Many documents contain a mixture of content types, including text and tables.

Semi-structured data can be challenging for conventional RAG for at least two reasons:

* Text splitting may break up tables, corrupting the data in retrieval
* Embedding tables may pose challenges for semantic similarity search

This cookbook shows how to perform RAG on documents with semi-structured data:


The overall flow is here:


## Packages

In [None]:
! pip install langchain unstructured[all-docs] pydantic lxml langchainhub

The PDF partitioning used by Unstructured will use:

* `tesseract` for Optical Character Recognition (OCR)
*  `poppler` for PDF rendering and processing

In [None]:
!apt-get install poppler-utils

Reading package lists... Done
Building dependency tree... Done
Reading state information... Done
poppler-utils is already the newest version (22.02.0-2ubuntu0.3).
0 upgraded, 0 newly installed, 0 to remove and 30 not upgraded.


In [None]:
!apt install tesseract-ocr

Reading package lists... Done
Building dependency tree... Done
Reading state information... Done
tesseract-ocr is already the newest version (4.1.1-2.1build1).
0 upgraded, 0 newly installed, 0 to remove and 30 not upgraded.


In [None]:
! pip install pytesseract




In [None]:
!pip install nltk



## Data Loading

### Partition PDF tables and text

Apply to the [`Gemini`](https://arxiv.org/abs/2312.11805) paper.
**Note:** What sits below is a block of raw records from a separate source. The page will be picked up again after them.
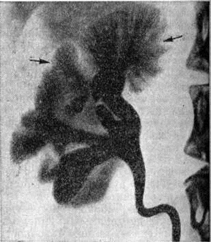 Тубулярный Рефлюкс на рентгенограмме имеет вид пучка, «метёлки» или «язычка пламени», исходящего из верхушки почечного сосочка и простирающегося в мозговое, а иногда и корковое вещество (рисунок 4). Лечение и профилактика лоханочно-почечного Рефлюкс сводятся к своевременному устранению обструкции мочевых путей и восстановлению нормальной уродинамики, в осторожном выполнении ретроградной уретеропиелографии, отказе от компрессии мочеточников при экскреторной урографии, тщательном лечении воспалительных заболеваний почек и мочевых путей. Пузырно-мочеточниковый, или пузырно-мочеточниково лоханочный, рефлюкс встречается чаще у детей, обычно связан с аномалиями развития или незавершённым созреванием пузырного устья мочеточников (смотри полный свод знаний) и нарушением проходимости нижних мочевых путей. Рефлюкс усиливается в момент мочеиспускания, когда повышается давление в мочевом пузыре (смотри полный свод знаний). Симптомами пузырно-мочеточниково-лоханочного рефлюкса являются боль в области почек в момент мочеиспускания, иногда двухтактное мочеиспускание, в запущенных случаях полиурия (смотри полный свод знаний), полидипсия (смотри полный свод знаний), изостенурия (смотри полный свод знаний), свидетельствующие о почечной недостаточности и необратимых ретенционных изменениях в почках и мочевых путях. Пузырно-мочеточниково лоханочный Рефлюкс выявляют с помощью рентгеноскопии или кинематоцистографии по спонтанному затеканию в мочеточники и почечные лоханки раствора контрастного вещества, введённого в мочевой пузырь. Активный Рефлюкс выявляют при проведении микционной цистографии (смотри полный свод знаний), кинематоцистографии, а также радиоизотопной реноцистографии. Пузырно-мочеточниковый Рефлюкс занимает ведущее место в урологический патологии детского возраста. Он выявляется в 25—30% случаев у детей с микробно-воспалительным процессом в мочевых путях. Предрасполагают к возникновению Рефлюкс короткий интрамуральный отдел мочеточников, более прямой угол его впадения в мочевой пузырь, незрелость замыкательного мышечного аппарата дистального отдела мочеточников, инфравезикальная обструкция, цистит, нарушения иннервации мочевых путей, удвоение мочеточника. При высоком Рефлюкс, достигающем почечных лоханок и канальцев почек (пиелотубулярный Рефлюкс), моча повреждающе действует на почечные канальцы и межуточную ткань почек, что приводит к дилатации и деструкции канальцев, дистрофическим изменениям нефротелия, развитию интерстициального нефрита с исходом в склероз. Эти процессы усугубляются при инфекции мочевых путей. В результате Рефлюкс задерживаются рост почек и совершенствование их функций; у детей старшего возраста возникает несоответствие между функциональными возможностями почек и потребностями организма ребёнка, что может проявиться нарушением отдельных почечных процессов и почечной недостаточностью. Согласно классификации Хейкеля и Парккулайнена (P. Е. Heikel, К. V. Parkkulainen, 1966), принятой в педиатрической практике, различают 5 степеней пузырно-мочеточникового Рефлюкс При I степени моча забрасывается до средней трети мочеточника, при II — до почечной лоханки, при III — IV степени — контрастное вещество заполняет чашечно-лоханочную систему, при IV степени отмечается пиелоэктазия и огрубен
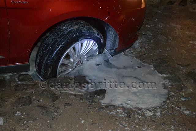 Ontem à noite, ao entrar na garagem da minha residência, foi inevitável. Caí no buraco, que diga de passagem, já está bastante profundo. Com isto estourei um pneu do carro, causando-me prejuízos. Outra é o medo de infiltração nas casas mais próximas. E aí, quem paga a conta?
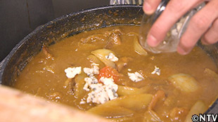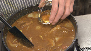 8.(7)にカレールーを入れ、溶けたら櫛切りした玉ねぎを入れて煮込む。 |
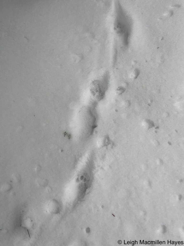 That’s not all, There were more sets of prints oriented on the diagonal. Think back to the River Otter, who is in the Weasel family. This small critter is a member of the same family, but these are the prints of a Mink.
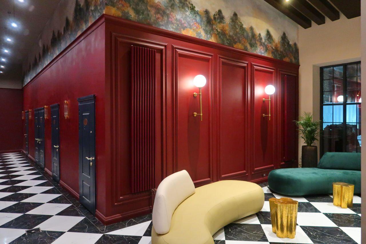 В лобби выполнена дизайнерская отделка. Там расположены зоны для отдыха и общения. Объект находится под круглосуточной охраной. Закрытая территория комплекса.
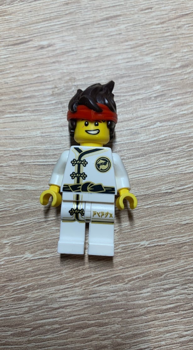 Bu Lego figürü, siyah ve altın detaylı beyaz dövüş kıyafeti ve kırmızı bant ile tasarlanmıştır. Gülümseyen sarı yüz ve koyu kahverengi saça sahiptir.
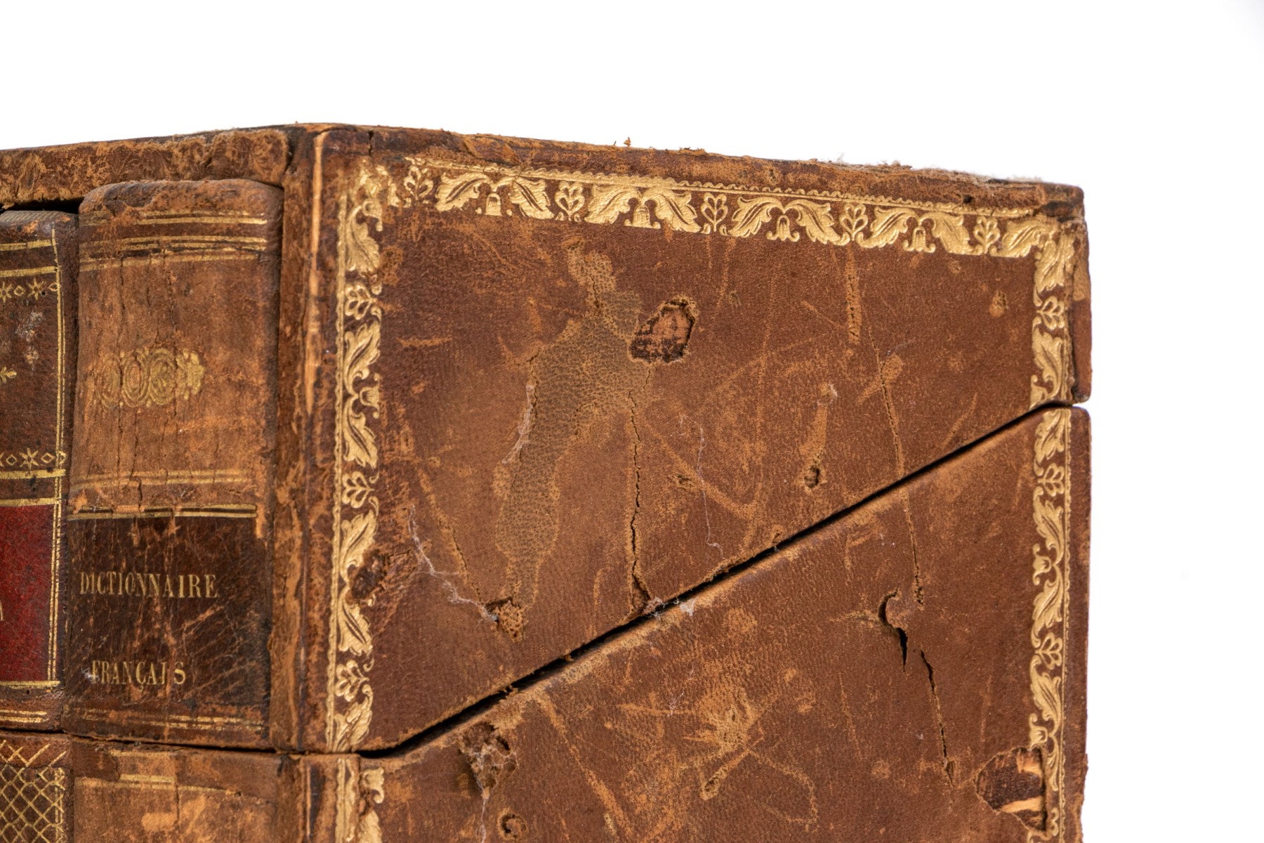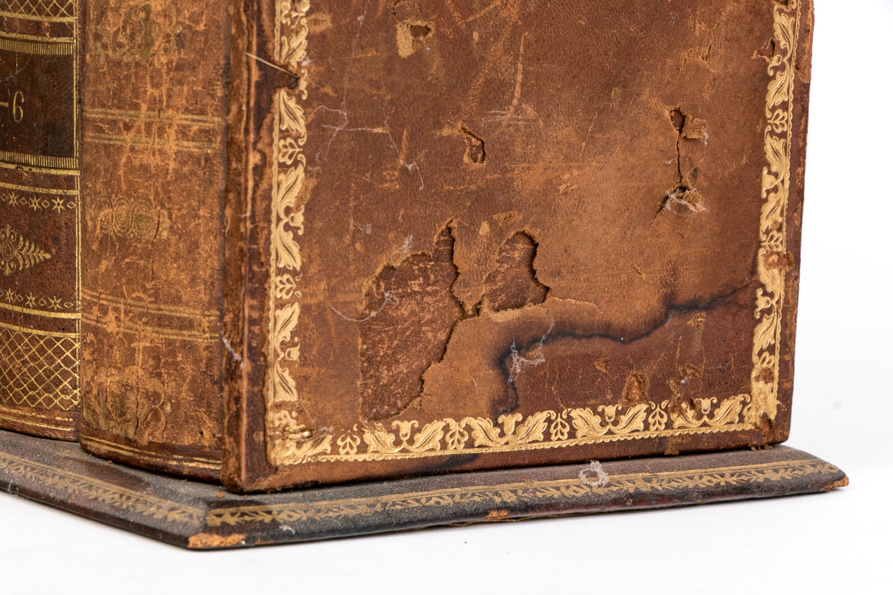 Wear to the leather including tears, losses and wear to the decorative finish.

We use the Unstructured [`partition_pdf`](https://unstructured-io.github.io/unstructured/bricks/partition.html#partition-pdf), which segments a PDF document by using a layout model.

This layout model makes it possible to extract elements, such as tables, from pdfs.
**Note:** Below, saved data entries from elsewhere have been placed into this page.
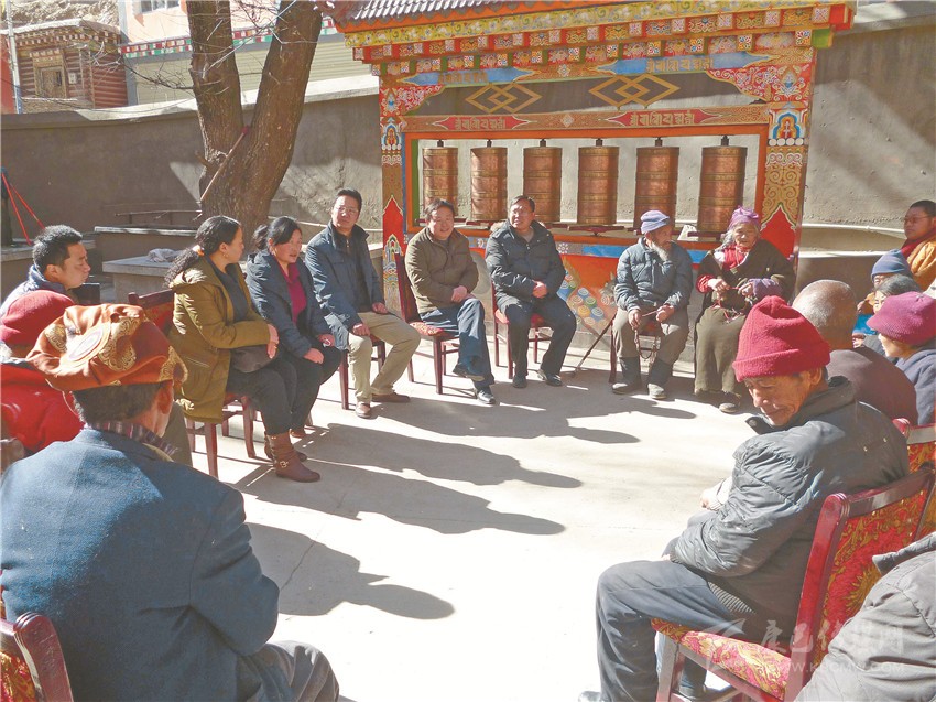 在示范創(chuàng)建中,甘孜把民族團結(jié)進步創(chuàng)建“八進”作為重要抓手和載體,即進機關(guān)、進鄉(xiāng)鎮(zhèn)、進村(社區(qū))、進企業(yè)、進學(xué)校、進寺院、進軍營、進市場。近年來,各縣(市)創(chuàng)建辦依據(jù)當(dāng)?shù)毓ぷ鲗嶋H、不同場所特點開展豐富多樣的主題宣傳教育活動,推動創(chuàng)建工作實現(xiàn)“橫、縱、深、廣”,形成了各級黨委、政府以及各部門、全社會參與示范創(chuàng)建的良好局面。
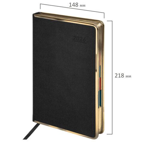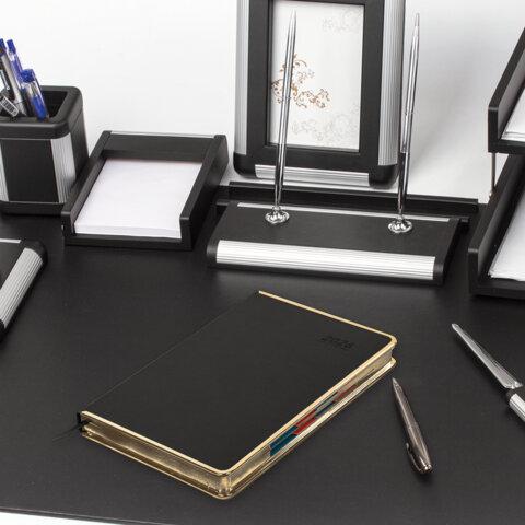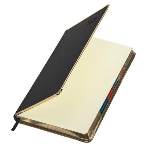 Датированный ежедневник серии "Infinity" от GALANT – надежный спутник делового человека.Внутренний блок включает 168 листов тонированной бумаги цвета "слоновая кость" плотностью 70 г/м2. Каждая страничка имеет перфорированный угол. Благодаря стандартному формату А5 (148х218 мм) ежедневник удобно использовать как в офисе, так и на выездных деловых встречах.Твердая обложка выполнена под кожу с отделкой из металлических накладок, что увеличивает ее износоустойчивость. Срез ежедневника покрыт золотой фольгой в цвет металлических накладок, и это придает ему особый шарм. Материал обложки подходит для горячего тиснения.
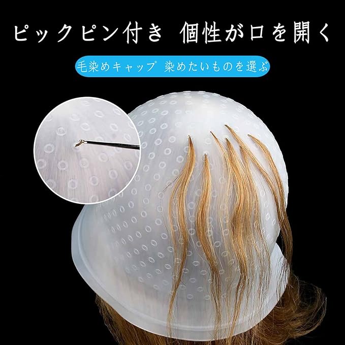 【使い方】①カラーキャップをかぶり、染めたい部分に印をつけて、その部分の穴を開けます。②必要な髪をかぎ針で穴から抜く。③お好みのカラー剤、染料などで染色する。
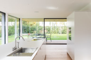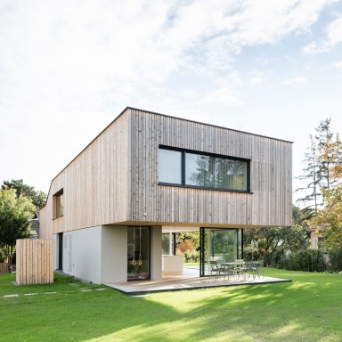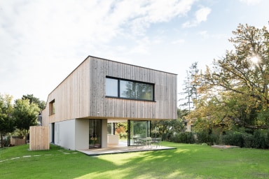 An den südlichen Ausläufern des Wienerwaldes gelegen, bietet dieses Haus einen stillen Rückzugsort für eine junge Familie. Besonders und gleichzeitig prägend für die Gestaltung des Hauses ist der natürliche, leichte Niveauunterschied zwischen Straße und dem darüberliegenden Garten, der durch vier halbgeschosshoch versetzte Wohnebenen intelligent überbrückt wird.
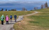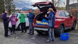 Geplant war eigentlich eine knackige Winterwanderung mit Frost und viel Schnee, doch die Wettermacher lieferten fast warmes und teilweise sonniges Frühlingswetter. Der Winter ist halt auch nicht mehr so richtig planbar. So wanderten wir gemütlich vom Roßhauptener Wettebad nach Nordwesten zwischen Stockachbichel und Wasenmoos über den Brettlesweg zu einem Brückerl ins Tal der Schmutter. Am anderen Ufer ging es nun nach Osten unterhalb der Kellerhalde vorbei am Trinkwasser Reservoir zum einsamen Jägerhäusl. Hier schwenkten wir nach Süden und stiegen über mittelsteile Hänge zum Gipfel des Fahrenbergs. Beim Gipfelbucheintrag waren wir mächtig erstaunt, dass den ersten Bucheintrag vor Jahren unser Bernhard Lippert geschrieben hat. Nach einer flinken Brotzeit mit Panoramabestimmung ging es nun durch die Hölle hinunter Richtung Riedle und zurück zum Wettebad. Dort öffnete sich ein Kofferraum für´s „Tischlein deck dich“ mit Krapfen und Glühwein. Nach Stärkung und Ratsch ging es dann wieder zufrieden nach Hause.
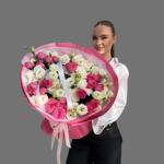 Хризантема бұтасы - 1 дана Бұта раушаны - 6 дана лизиантусов - 11 дана аква бумага - 1 дана

We also can use `Unstructured` chunking, which:

* Tries to identify document sections (e.g., Introduction, etc)
* Then, builds text blocks that maintain sections while also honoring user-defined chunk sizes

In [None]:
path = "/content/"

In [None]:
import pytesseract
import nltk
import nltk.internals
nltk.download('punkt')
from typing import Any

from pydantic import BaseModel
from unstructured.partition.pdf import partition_pdf
pytesseract.pytesseract.tesseract_cmd = ( r'/usr/bin/tesseract' )
# Get elements
raw_pdf_elements = partition_pdf(
    filename=path + "Gemini.pdf",
    # Unstructured first finds embedded image blocks
    extract_images_in_pdf=False,
    # Use layout model (YOLOX) to get bounding boxes (for tables) and find titles
    # Titles are any sub-section of the document
    infer_table_structure=True,
    # Post processing to aggregate text once we have the title
    chunking_strategy="by_title",
    # Chunking params to aggregate text blocks
    # Attempt to create a new chunk 3800 chars
    # Attempt to keep chunks > 2000 chars
    max_characters=4000,
    new_after_n_chars=3800,
    combine_text_under_n_chars=2000,
    image_output_dir_path=path,
)

[nltk_data] Downloading package punkt to /root/nltk_data...
[nltk_data]   Unzipping tokenizers/punkt.zip.
[nltk_data] Downloading package averaged_perceptron_tagger to
[nltk_data]     /root/nltk_data...
[nltk_data]   Unzipping taggers/averaged_perceptron_tagger.zip.
Some weights of the model checkpoint at microsoft/table-transformer-structure-recognition were not used when initializing TableTransformerForObjectDetection: ['model.backbone.conv_encoder.model.layer4.0.downsample.1.num_batches_tracked', 'model.backbone.conv_encoder.model.layer2.0.downsample.1.num_batches_tracked', 'model.backbone.conv_encoder.model.layer3.0.downsample.1.num_batches_tracked']
- This IS expected if you are initializing TableTransformerForObjectDetection from the checkpoint of a model trained on another task or with another architecture (e.g. initializing a BertForSequenceClassification model from a BertForPreTraining model).
- This IS NOT expected if you are initializing TableTransformerForObjectDetection fr

We can examine the elements extracted by `partition_pdf`.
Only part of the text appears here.